Follow Friday: Twitter’s display of relations affection?

I got in the previous weeks the feedback by known or unknown Twitterers who are “Follow Friday”-ing me by displaying,  recommending to the others my Twitter ID for various reasons, mostly because they think people they recommend are cool or worthwhile following. Since this communication practice repeated last Friday,  I’ve asked Twitterers what is follow Friday and who actually came up with this idea and why?
In the last few days I’ve read two good blog posts: danah boyd’s view on the communication phenomena of retweeting and Jonathan Zittrain’s thoughts on technical 140 characters barriers on Twitter. Having in mind  that retweeting process is one of the conversation practices on Twitter,  the same can be denoted to the Follow Friday movement as one of the communication behavioristic conventions.

How Follow Friday works? Basically,  Follow Friday helps people recommend other Twitter folks. As a way of recommending people you follow to other users on Twitter, Follow Friday  is presented with hashtag #followfriday or #ff. The purpose is that those who are being recommended would (potentially) gain new followers. After suggesting the name of the twitterer,  the practice is to write why you are recommending them as suggested people to follow. Some twitterers follow this practice, but many people don’t as they just write Twitter user names without stating the reason(s) why one should follow those people. Otherwise, the conversation moves into typical micro memes. Here is an example of the correct usage of FF:
@danbri  because he is the semantic web expert and co-founder of FOAF #followfriday.

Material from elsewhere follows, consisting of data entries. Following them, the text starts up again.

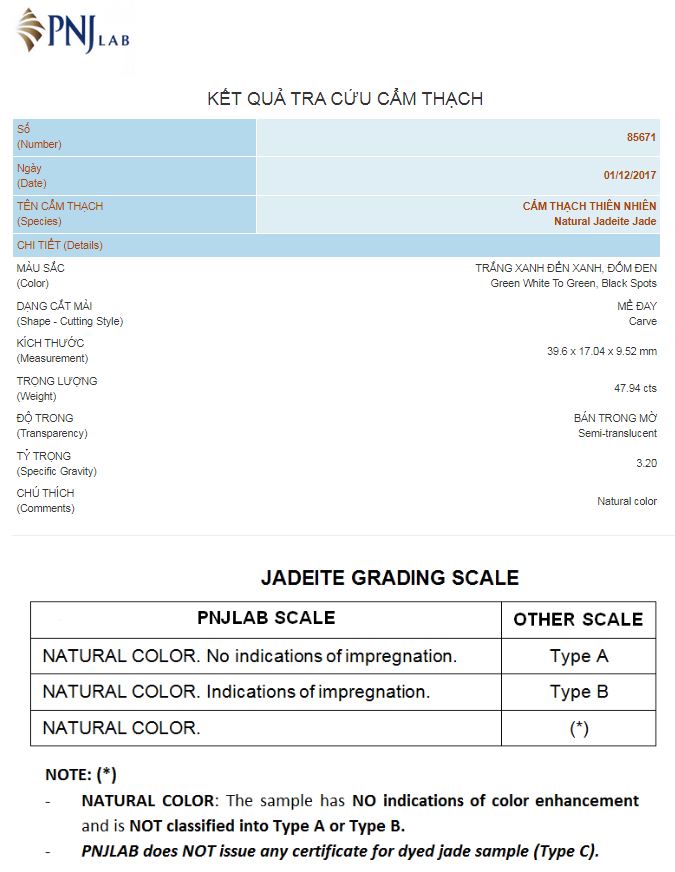 - Mã kiểm định: PNJ 85671
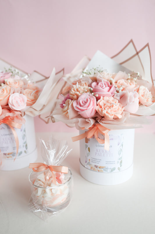 Taittelen huolella valmistetun hentoon silkkipaperiin ja solmin pienen rusetin valmiin merkiksi. Tässä hetkessä on muutakin kuin kynttilä ja paketti; läsnä on myös lohtu ja ilo, taakse jäänyt ja edessä oleva. Kynttilöissämme on käärittynä kaipuu ja paketoituna toivo - läsnäolon lempeä loimu. Sytytä käsintehty kynttilä ja anna pohjoisen luonnon koskettaa.
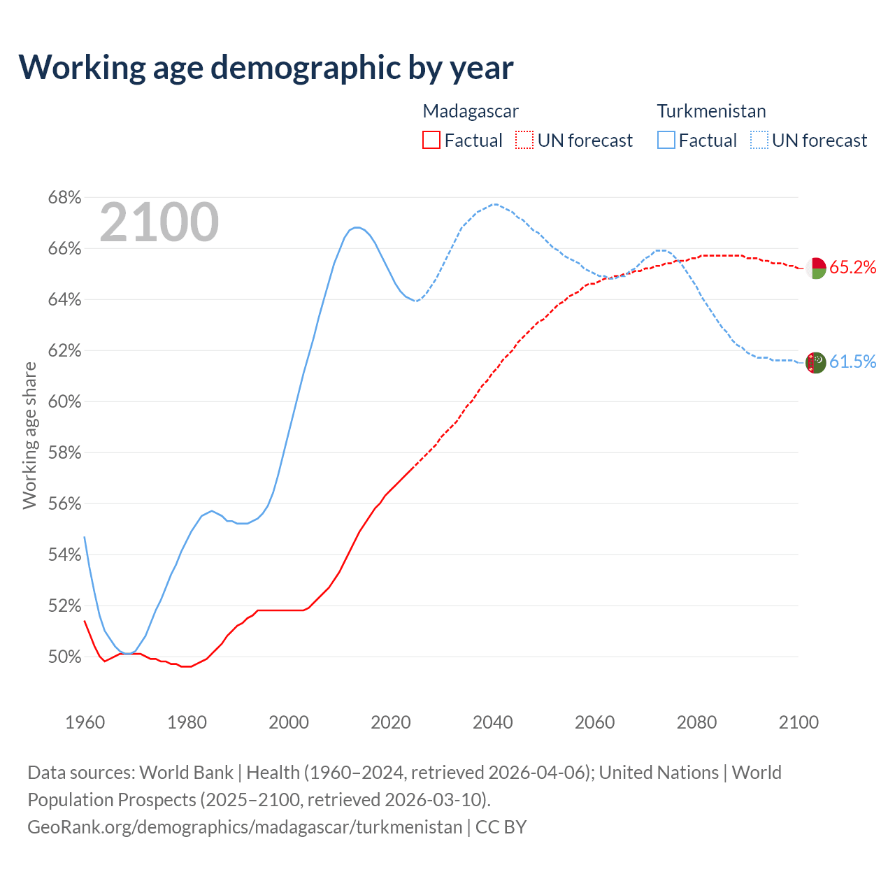 - Madagascar has 19.4M working age adults (aged 15-64) vs 4.97M in Turkmenistan.
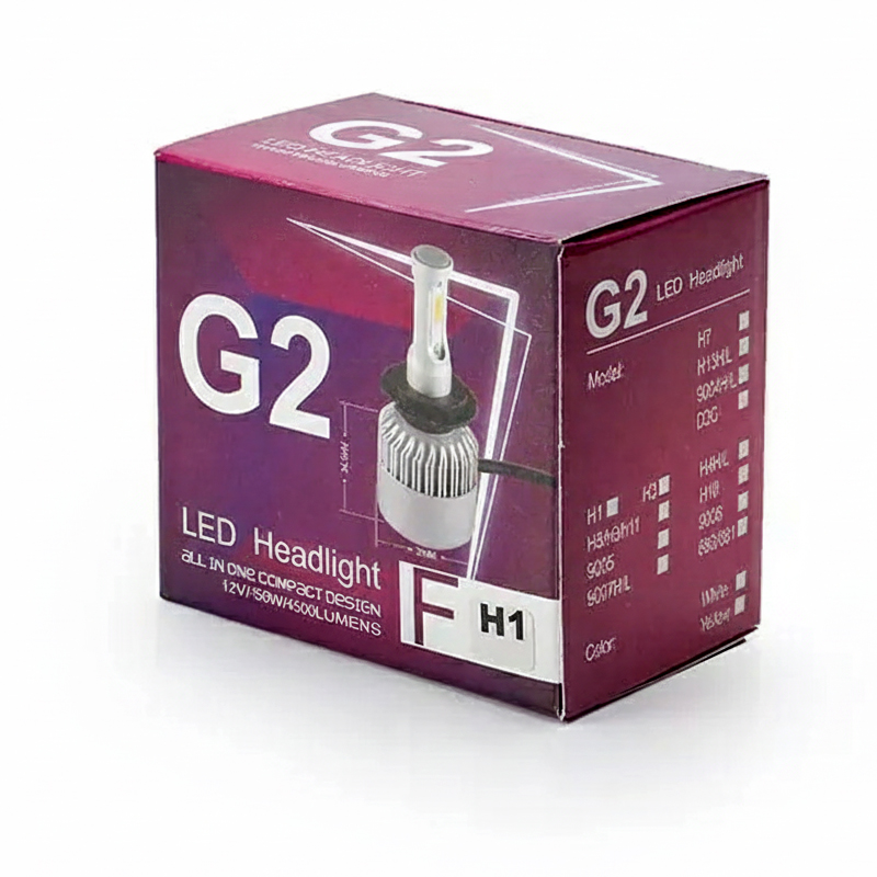 هدلایت G2 در پایههای H1 و H7 موجود است و برای نصب روی چراغهای جلو و مهشکن خودرو مناسب میباشد. فن خنککننده هوشمند به کاهش دمای تولید شده کمک میکند و استاندارد IP65 موجب مقاومت محصول در برابر آب و گرد و غبار میشود.
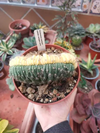 Trichocereus Pachanoi crestado con variegación aurea. Una pieza única para coleccionistas.
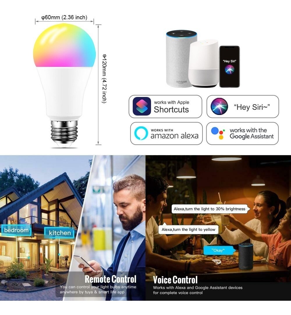 Tipo: bombilla LED inteligente WiFi Material: aluminio de aviación, Plástico Color del artículo: blanco Función: Control mediante WiFi. Compatible con Amazon Alexa, Echo, Google Home Assistant. Color de la luz: RGB + blanco frio (2700K) RGB + blanco (5700K) Dimmable Tipo de enchufe: E27 Potencia: 9W Voltaje: ca 85-265V Chip: LED SMD 2835 CRI: >85 Lumen: 90 LM/W Vida: >100000h Ángulo del haz: 270 grados Tamaño: 6*12,3 cm/2,4*4,8
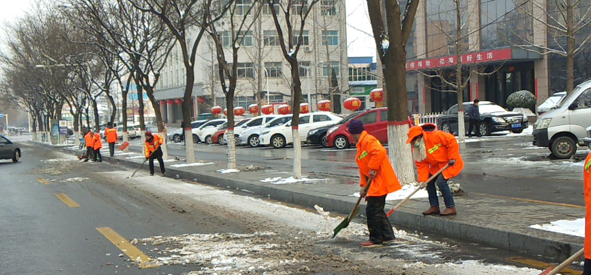 新年的第一場(chǎng)大雪,到處銀裝素裹,扮美了整個(gè)晉城,但大雪帶來美景的同時(shí),也給大家的出行帶來了不便。為保障大雪期間出行安全,潔霸公司各保潔點(diǎn)的負(fù)責(zé)人積極組織員工進(jìn)行主干道積雪清掃,在除雪過程中,雖然天氣寒冷,但大家除雪的熱情卻不減,大家有的撒融雪劑,有的 清掃積雪,有的用鏟子除冰,奏響鏟雪破冰進(jìn)行曲。
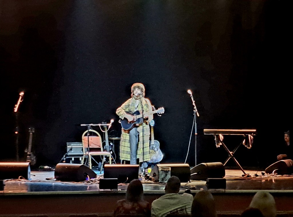He is accompanied on electric guitar on some tunes and his wife, Katria de Vidas, on keyboards for a bit while they both took some very arm’s length responsibility for their roaming young daughter. At some point she was just laying on the stage playing with their huge dog Gladys, and with some ear defenders on, until she got fed up with those. What a rock’n’roll daughter eh, and dog for that matter. (Last time I saw a dog on this stage was with Julian Clary.)
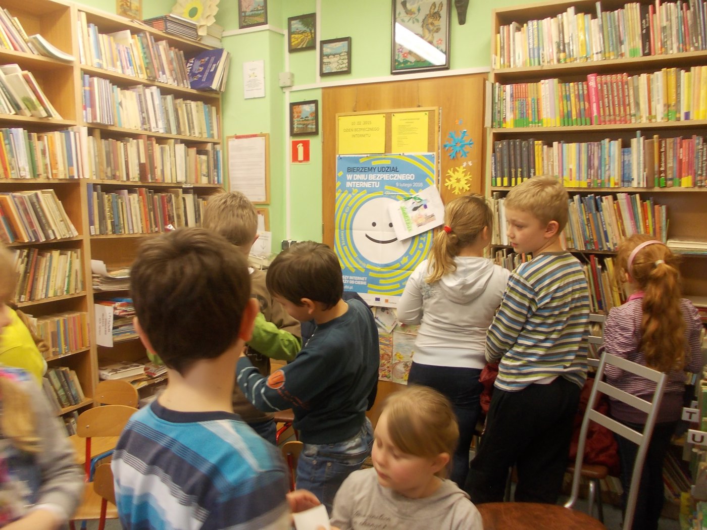 Również uczniowie klasy drugiej szkoły podstawowej z Łagiewnik Małych wraz z wychowawczynią panią Justyną Pruską brali udział w lekcji bibliotecznej na temat bezpiecznego Internetu. Dzieci chętnie włączały się do rozmowy o zasadach bezpieczeństwa korzystania z telefonów komórkowych, oraz Internetu. Także obejrzały pouczające filmiki "Owce w sieci". Otrzymały również naklejki potwierdzające udział w spotkaniu z okazji Dnia Bezpiecznego Internetu. Na pożegnanie wykonano grupowe zdjęcie.
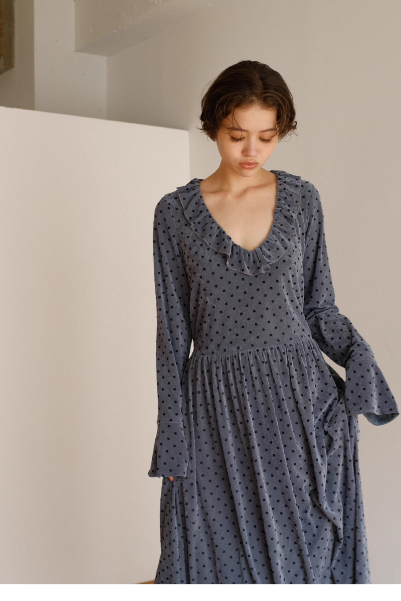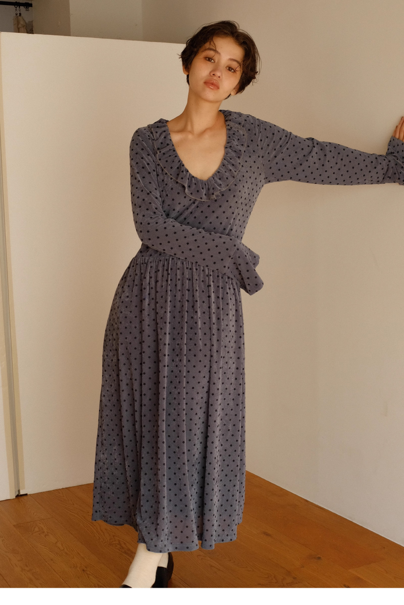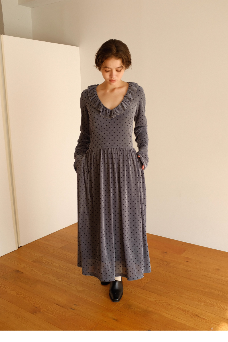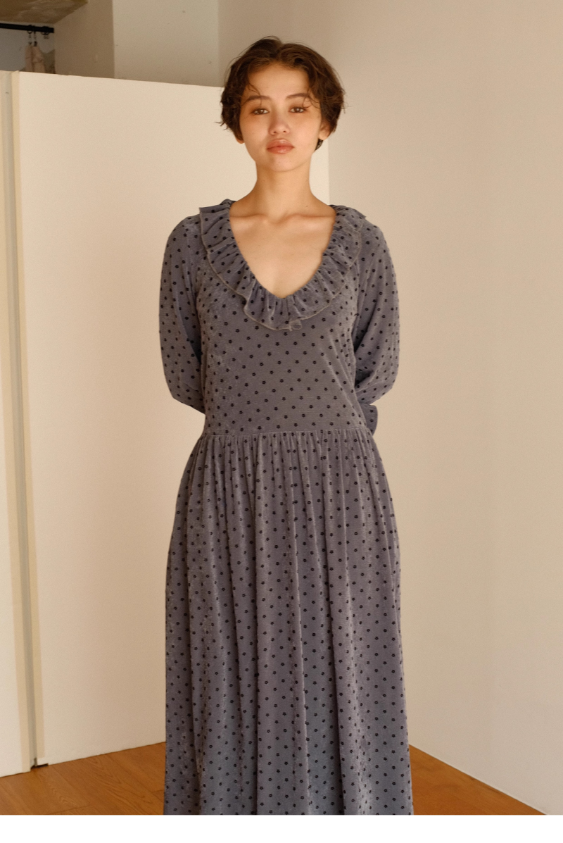 DEER Polka Dot Ruffles V-Neck Long Dress
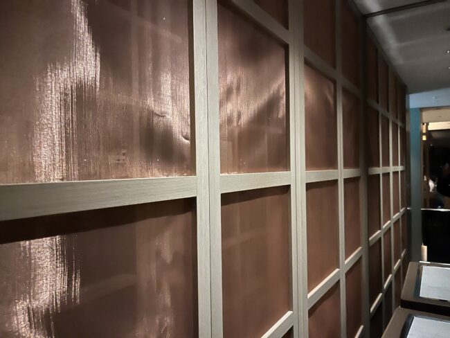 今回、ウェスティン都ホテル京都の3FにあるDominique Bouchet Kyoto「Le RESTAURANT」の内装材として金網折り紙「おりあみ/ORIAMI®」が採用されました。
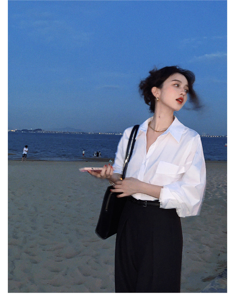 ASAYA5460 – Classic Airy White Shirt 🤍🖤
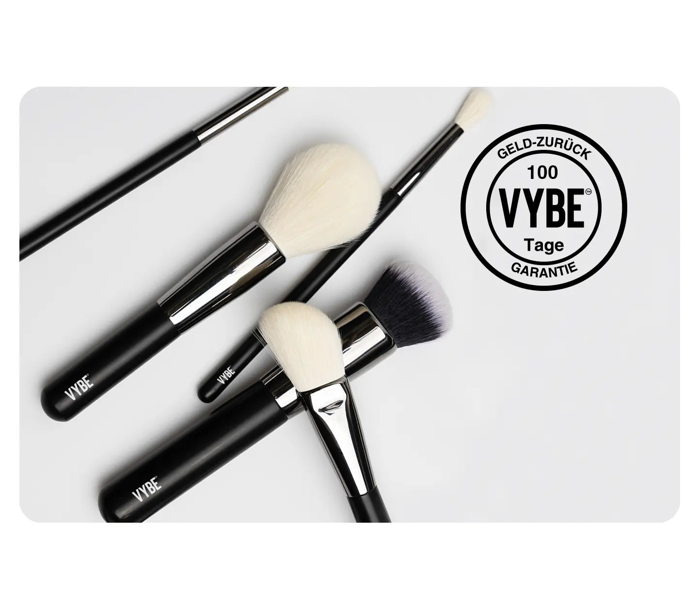 Teste die VYBE™-Pinsel noch heute mit unserer 100 Tage Garantie risikofrei und erlebe den Unterschied. Deine Haut wird es dir danken!
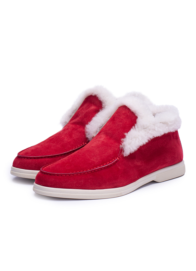 - Замшевые лоферы без застежки, украшенные сверху натуральным мехом. Внутренняя отделка и стелька из натурального меха.

The twitterer who came up with the idea of  ‘”Follow Friday” movement said that #ff has lost a lot of its original charm because too many people are making wild recommendations without any justification, in order to collect and get more random followers. I was also asking why Friday? No one so far explained this, either because is TGIF expression that many users say on Twitter every Friday, as it is more relaxed day for casual gaining new followers or because the idea that the creator of this movement likes the music of The Cure (read: Friday, I’m in love! aka I am sharing love for these followers).
This week I had a chance to talk with, above mentioned Twitterer,  Dan Brinkey on work matters, and later I was contemplating the idea of Follow Friday concept as micro communication FOAF (Friend of a friend) convention, and came to conclusion that beside recommendation and connecting people aspect, Follow Friday has communication facet of “describing people, the links between them and the things they create and do” . Twitter user ID’s are describing people, person who recommends the friend is the link, and description line “why I recommend this person to be followed” presents things they create or do. This way FF allows people and groups of people to describe social network relations without the need for a centralization.

Beside suggesting other people to follow and explaining why those people are useful to follow, there is another phenomena that I’ve noticed last Friday: massive retweeting of Follow Fridays of other people tweets. I was in wonder why would people retweet them and came to the thoughts of meta –meme Twitter user’s tagging  and collecting potential followers. This would be an example when sharing (info, contacts) is not caring but rather micro trading (silent request for an expected requirement of following back). What follows next  is an interesting to investigate as  communicative (non) behaviour amongst Twitterers that is in permanent flux.

Comments

  1. Danica says:

    More thoughts to come as this is intro for FF movement on Twitter and getting deeper into this communication practice… Spotted, followfriday’s parties (#ffparty) on tweetchat and offline which expands Twitter performances off micro blogging and medium.

  2. Max says:

    Great post Danica!

  3. Beogradoholik says:

    Dobrim delom se slažem stobom na temu RT. Verovatno nekima delujem netaktičan, ali za sada odolevam maniji #FF čiji cilj mi nije i dalje baš najjasniji….. iliti na engleskom – I just don’t get it!(((-:

  4. Beogradoholik says:

    malo sam pomešao lončiće ali shvatičeš već!:-D

  5. Danica says:

    Thanks Max!

    @Beogradoholik Cilj je mikro-networking izmedju ostalog gore navedenog. O tome na blogu na srpskom? (:

  6. Maja says:

    Great post Danica!!

    it is a phenomena this FF and I think it’s great, but as you say, only when used correctly and when people state why they recommend someone. I think Twitter can get our of rage if people add everyone, the thought is to follow people interesting to YOU!

    Therefore you get my FF today! =)

    Cheers!

  7. Simon Phipps says:

    Have you tried the http://www.followfriday.com/ website? It tracks #FF tags in posts and computes rankings, both globally and within your friend-space.

  8. Danica says:

    Thanks for the link, seems interesting stats for different countries.